With the pictures excluded, reproduce all of the data exactly.

(INFORMATION SHOWN begins)

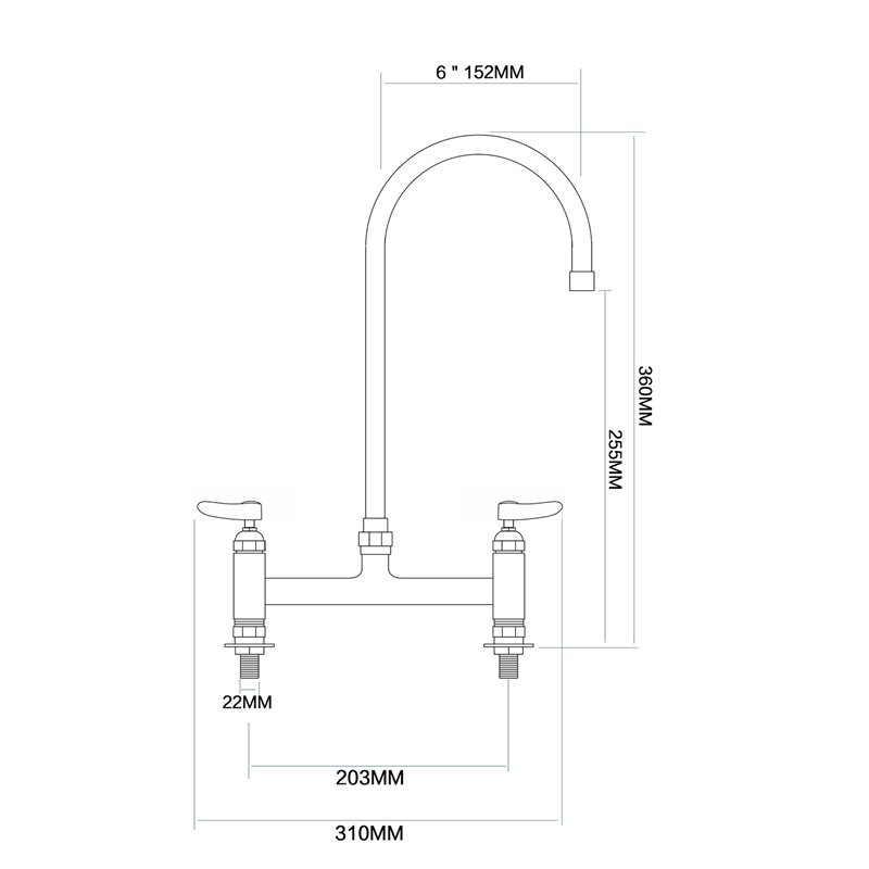 This heavy-duty 8" deck mount commercial faucet is built for professional kitchens and workspaces, combining durability, reliability, and functionality. Constructed from polished chrome-plated brass and equipped with durable compression cartridges, it delivers long-lasting performance. The 6" swivel gooseneck spout provides smooth water flow and excellent clearance, allowing flexible reach and easy cleaning. Dual lever handles offer precise control of hot and cold water, while the 8" (203 mm) center spacing ensures a straightforward installation.
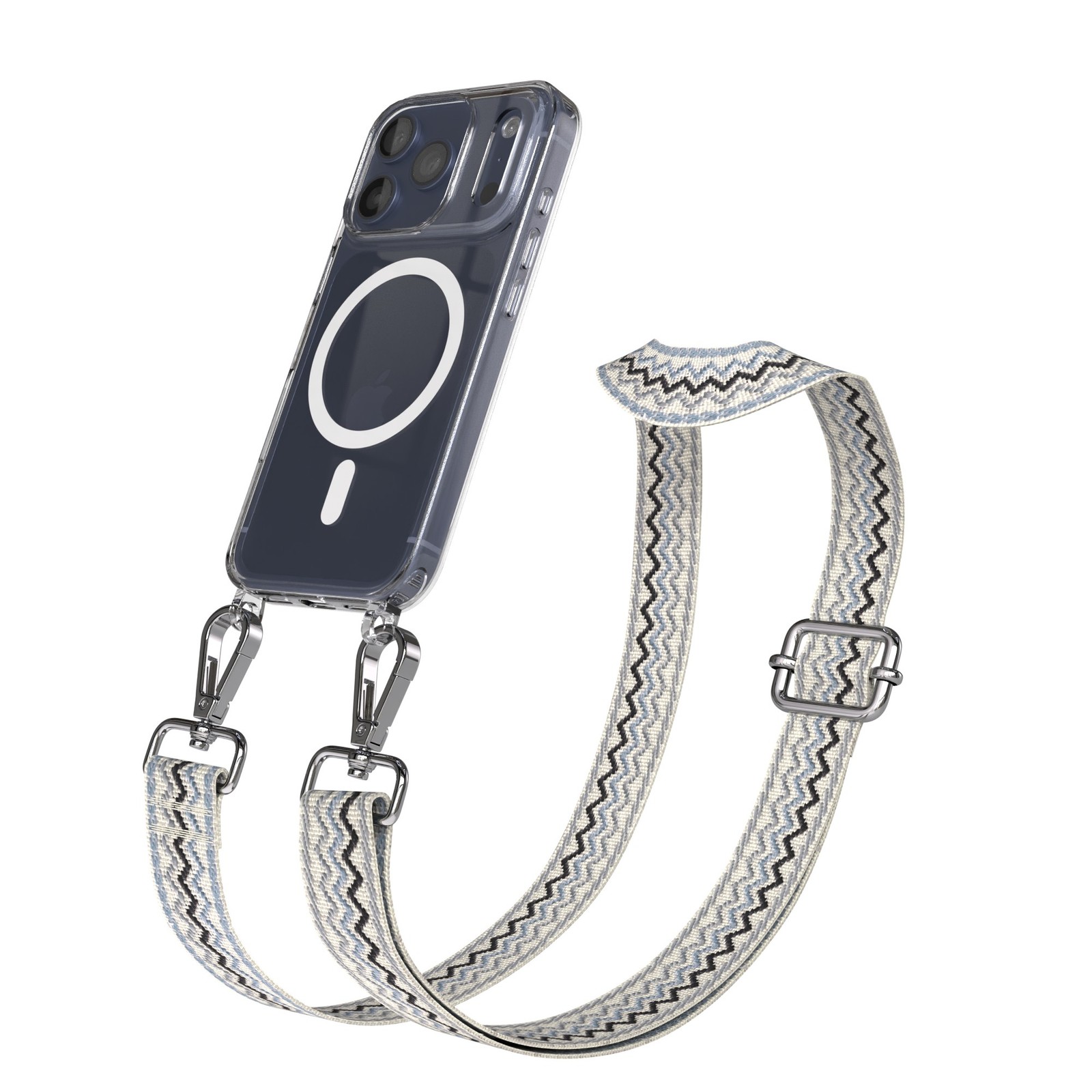 MagSafe Handyhülle mit Band für Apple iPhone 17 Pro Kette Blau Wellen - Silber
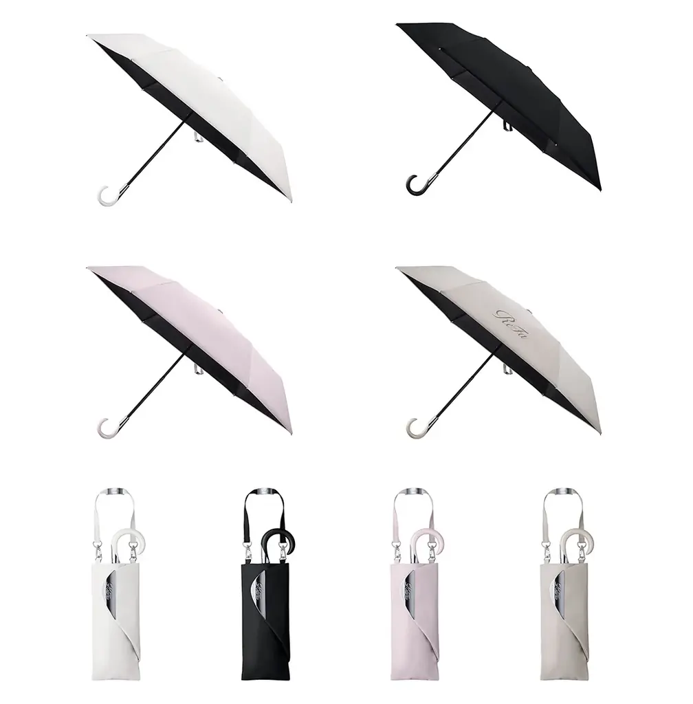 3段折りたたみのコンパクトモデルは携帯性を最優先するユーザーを想定しています。バッグ内での収納性を高めつつ、外出時の美しさを守る機能はしっかりと保持しています。こちらもポーチが付属します。
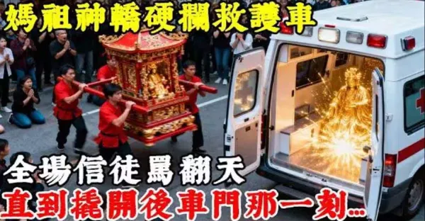 媽祖神轎硬攔救護車!!全場信徒罵翻天,直到撬開後車門那一刻...所有人跪了!

(INFORMATION SHOWN ends)

SOLUTION BELOW
 This heavy-duty 8" deck mount commercial faucet is built for professional kitchens and workspaces, combining durability, reliability, and functionality. Constructed from polished chrome-plated brass and equipped with durable compression cartridges, it delivers long-lasting performance. The 6" swivel gooseneck spout provides smooth water flow and excellent clearance, allowing flexible reach and easy cleaning. Dual lever handles offer precise control of hot and cold water, while the 8" (203 mm) center spacing ensures a straightforward installation.
 MagSafe Handyhülle mit Band für Apple iPhone 17 Pro Kette Blau Wellen - Silber
 3段折りたたみのコンパクトモデルは携帯性を最優先するユーザーを想定しています。バッグ内での収納性を高めつつ、外出時の美しさを守る機能はしっかりと保持しています。こちらもポーチが付属します。
 媽祖神轎硬攔救護車!!全場信徒罵翻天,直到撬開後車門那一刻...所有人跪了!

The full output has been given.